-- What the exercise asks --
In the entries below, begin at the line that has "Hoe doe je zoiets" and stop after the line that has "Orange, White, and"; output those lines exactly, leaving out pictures.

-- Records for the task --
------------------------------------------------------------

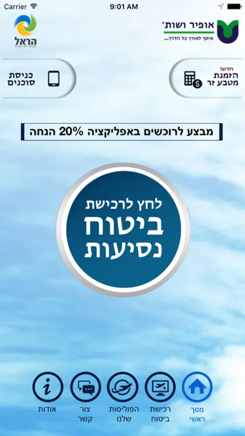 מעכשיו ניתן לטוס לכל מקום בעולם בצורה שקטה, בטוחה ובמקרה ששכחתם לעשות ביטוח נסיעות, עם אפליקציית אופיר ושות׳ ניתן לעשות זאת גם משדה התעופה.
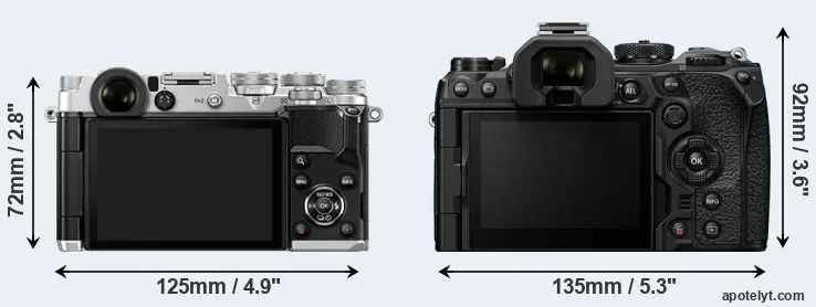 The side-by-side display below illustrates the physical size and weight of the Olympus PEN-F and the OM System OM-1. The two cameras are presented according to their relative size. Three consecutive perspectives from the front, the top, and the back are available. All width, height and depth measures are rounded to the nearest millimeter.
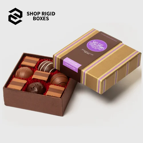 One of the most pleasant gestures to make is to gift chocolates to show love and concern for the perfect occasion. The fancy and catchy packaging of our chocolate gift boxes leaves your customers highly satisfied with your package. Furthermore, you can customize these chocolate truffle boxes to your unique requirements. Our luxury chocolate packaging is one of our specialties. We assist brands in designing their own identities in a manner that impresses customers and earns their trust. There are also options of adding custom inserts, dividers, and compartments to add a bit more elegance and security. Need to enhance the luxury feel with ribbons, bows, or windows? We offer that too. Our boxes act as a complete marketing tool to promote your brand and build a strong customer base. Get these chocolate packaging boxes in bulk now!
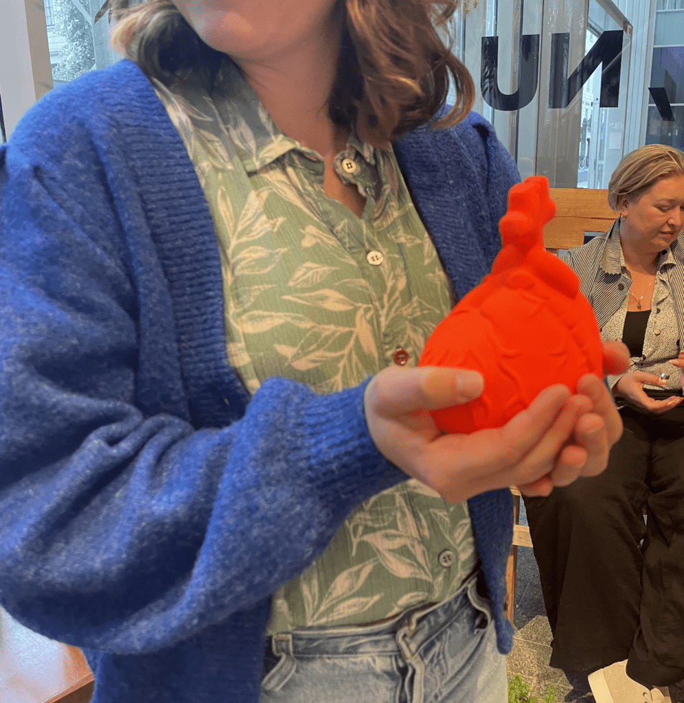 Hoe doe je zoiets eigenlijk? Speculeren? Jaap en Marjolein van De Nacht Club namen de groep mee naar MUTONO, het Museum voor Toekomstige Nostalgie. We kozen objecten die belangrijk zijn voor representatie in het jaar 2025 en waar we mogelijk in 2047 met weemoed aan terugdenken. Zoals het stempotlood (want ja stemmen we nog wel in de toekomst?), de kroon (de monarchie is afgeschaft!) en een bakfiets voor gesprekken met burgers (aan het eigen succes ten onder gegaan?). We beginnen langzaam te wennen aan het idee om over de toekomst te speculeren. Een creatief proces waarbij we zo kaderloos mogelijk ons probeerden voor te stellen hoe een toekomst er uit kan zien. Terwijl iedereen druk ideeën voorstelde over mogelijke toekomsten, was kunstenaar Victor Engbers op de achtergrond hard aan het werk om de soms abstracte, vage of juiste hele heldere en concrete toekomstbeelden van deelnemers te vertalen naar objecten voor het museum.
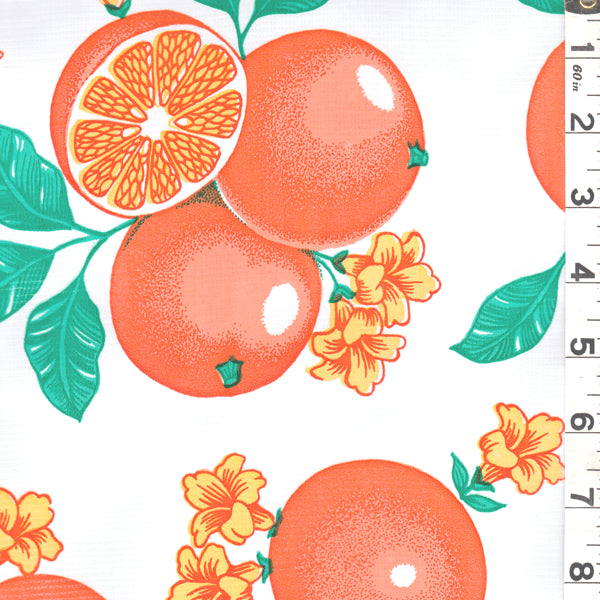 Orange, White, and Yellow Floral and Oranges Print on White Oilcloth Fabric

------------------------------------------------------------

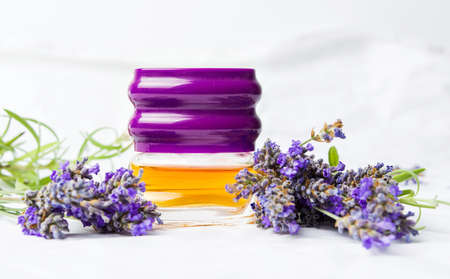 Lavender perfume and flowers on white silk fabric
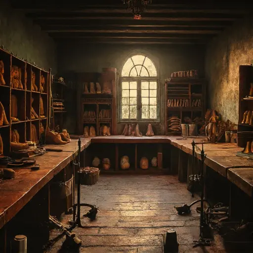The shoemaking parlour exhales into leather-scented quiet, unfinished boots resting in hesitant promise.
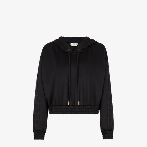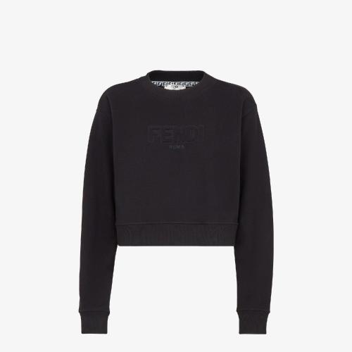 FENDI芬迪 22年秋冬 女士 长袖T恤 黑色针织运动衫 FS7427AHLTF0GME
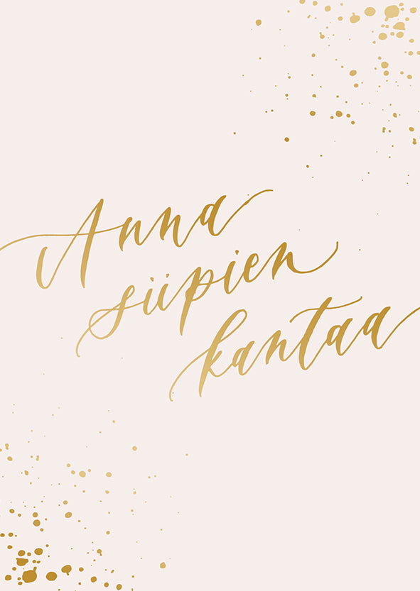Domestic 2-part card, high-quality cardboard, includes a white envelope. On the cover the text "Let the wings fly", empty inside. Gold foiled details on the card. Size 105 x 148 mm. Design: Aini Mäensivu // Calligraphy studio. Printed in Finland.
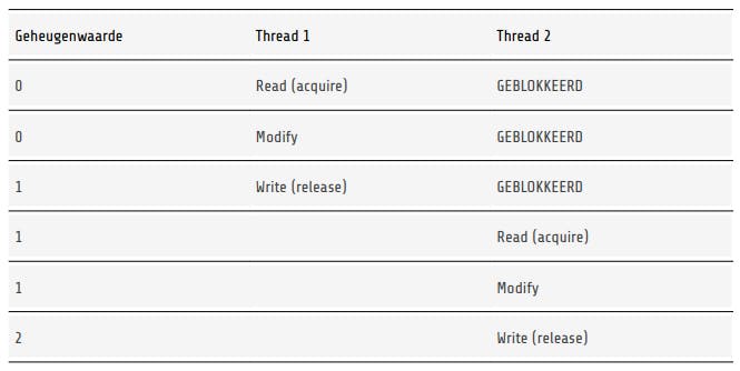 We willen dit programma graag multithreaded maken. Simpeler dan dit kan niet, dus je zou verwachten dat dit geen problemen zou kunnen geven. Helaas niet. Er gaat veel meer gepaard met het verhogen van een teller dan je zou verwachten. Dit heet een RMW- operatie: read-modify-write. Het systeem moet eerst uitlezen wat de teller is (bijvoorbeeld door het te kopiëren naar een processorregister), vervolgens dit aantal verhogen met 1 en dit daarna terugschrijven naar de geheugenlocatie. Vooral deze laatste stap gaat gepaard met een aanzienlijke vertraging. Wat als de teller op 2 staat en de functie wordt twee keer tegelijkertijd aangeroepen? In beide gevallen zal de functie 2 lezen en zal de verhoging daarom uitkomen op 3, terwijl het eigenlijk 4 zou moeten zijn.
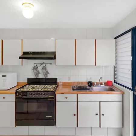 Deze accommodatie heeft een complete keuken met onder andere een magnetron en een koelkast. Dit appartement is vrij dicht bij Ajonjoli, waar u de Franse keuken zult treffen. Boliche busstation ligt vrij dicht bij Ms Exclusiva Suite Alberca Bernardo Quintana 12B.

------------------------------------------------------------

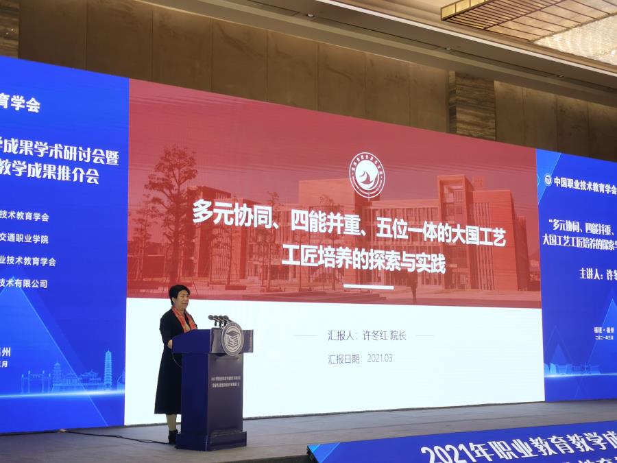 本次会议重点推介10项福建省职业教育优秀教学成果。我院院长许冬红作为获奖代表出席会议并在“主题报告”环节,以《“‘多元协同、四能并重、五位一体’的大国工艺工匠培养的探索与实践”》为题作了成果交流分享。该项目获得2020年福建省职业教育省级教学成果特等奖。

------------------------------------------------------------

-- Answer box --
 Hoe doe je zoiets eigenlijk? Speculeren? Jaap en Marjolein van De Nacht Club namen de groep mee naar MUTONO, het Museum voor Toekomstige Nostalgie. We kozen objecten die belangrijk zijn voor representatie in het jaar 2025 en waar we mogelijk in 2047 met weemoed aan terugdenken. Zoals het stempotlood (want ja stemmen we nog wel in de toekomst?), de kroon (de monarchie is afgeschaft!) en een bakfiets voor gesprekken met burgers (aan het eigen succes ten onder gegaan?). We beginnen langzaam te wennen aan het idee om over de toekomst te speculeren. Een creatief proces waarbij we zo kaderloos mogelijk ons probeerden voor te stellen hoe een toekomst er uit kan zien. Terwijl iedereen druk ideeën voorstelde over mogelijke toekomsten, was kunstenaar Victor Engbers op de achtergrond hard aan het werk om de soms abstracte, vage of juiste hele heldere en concrete toekomstbeelden van deelnemers te vertalen naar objecten voor het museum.
 Orange, White, and Yellow Floral and Oranges Print on White Oilcloth Fabric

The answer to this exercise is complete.